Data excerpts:
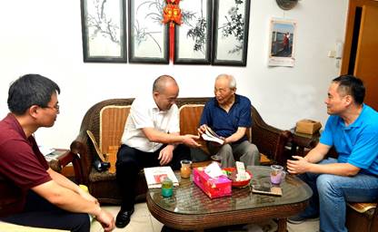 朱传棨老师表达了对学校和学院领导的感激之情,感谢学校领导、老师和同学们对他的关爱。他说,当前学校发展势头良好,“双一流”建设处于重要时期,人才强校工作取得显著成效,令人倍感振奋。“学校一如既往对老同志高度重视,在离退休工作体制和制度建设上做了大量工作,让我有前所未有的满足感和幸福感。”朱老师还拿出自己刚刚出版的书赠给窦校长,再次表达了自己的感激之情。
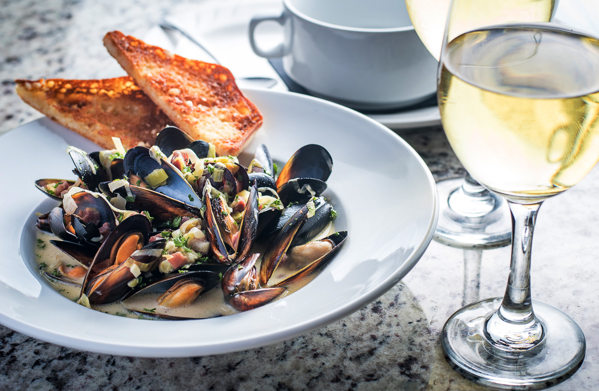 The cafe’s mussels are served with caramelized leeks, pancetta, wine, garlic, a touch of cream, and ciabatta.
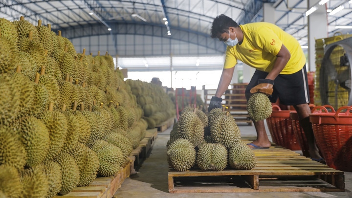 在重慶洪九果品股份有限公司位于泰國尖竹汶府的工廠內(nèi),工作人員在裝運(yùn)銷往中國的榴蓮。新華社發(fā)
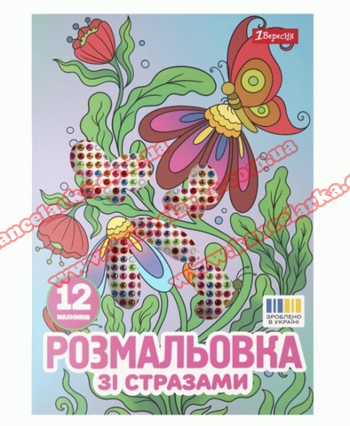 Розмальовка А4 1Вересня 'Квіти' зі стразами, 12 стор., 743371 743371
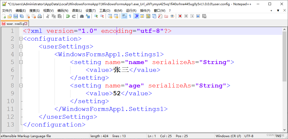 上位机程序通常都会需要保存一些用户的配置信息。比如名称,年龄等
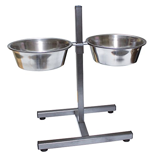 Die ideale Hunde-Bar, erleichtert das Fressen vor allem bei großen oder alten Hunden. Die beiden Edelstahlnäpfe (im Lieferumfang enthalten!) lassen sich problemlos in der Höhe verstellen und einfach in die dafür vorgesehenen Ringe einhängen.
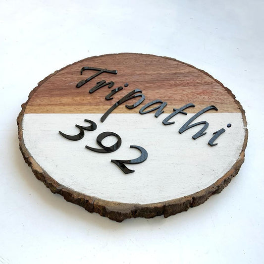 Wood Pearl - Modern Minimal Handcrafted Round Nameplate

__Task objective__
A faithful, complete copy of the records above is required, one that contains no pictures.

__Exercise output__
 朱传棨老师表达了对学校和学院领导的感激之情,感谢学校领导、老师和同学们对他的关爱。他说,当前学校发展势头良好,“双一流”建设处于重要时期,人才强校工作取得显著成效,令人倍感振奋。“学校一如既往对老同志高度重视,在离退休工作体制和制度建设上做了大量工作,让我有前所未有的满足感和幸福感。”朱老师还拿出自己刚刚出版的书赠给窦校长,再次表达了自己的感激之情。
 The cafe’s mussels are served with caramelized leeks, pancetta, wine, garlic, a touch of cream, and ciabatta.
 在重慶洪九果品股份有限公司位于泰國尖竹汶府的工廠內(nèi),工作人員在裝運(yùn)銷往中國的榴蓮。新華社發(fā)
 Розмальовка А4 1Вересня 'Квіти' зі стразами, 12 стор., 743371 743371
 上位机程序通常都会需要保存一些用户的配置信息。比如名称,年龄等
 Die ideale Hunde-Bar, erleichtert das Fressen vor allem bei großen oder alten Hunden. Die beiden Edelstahlnäpfe (im Lieferumfang enthalten!) lassen sich problemlos in der Höhe verstellen und einfach in die dafür vorgesehenen Ringe einhängen.
 Wood Pearl - Modern Minimal Handcrafted Round Nameplate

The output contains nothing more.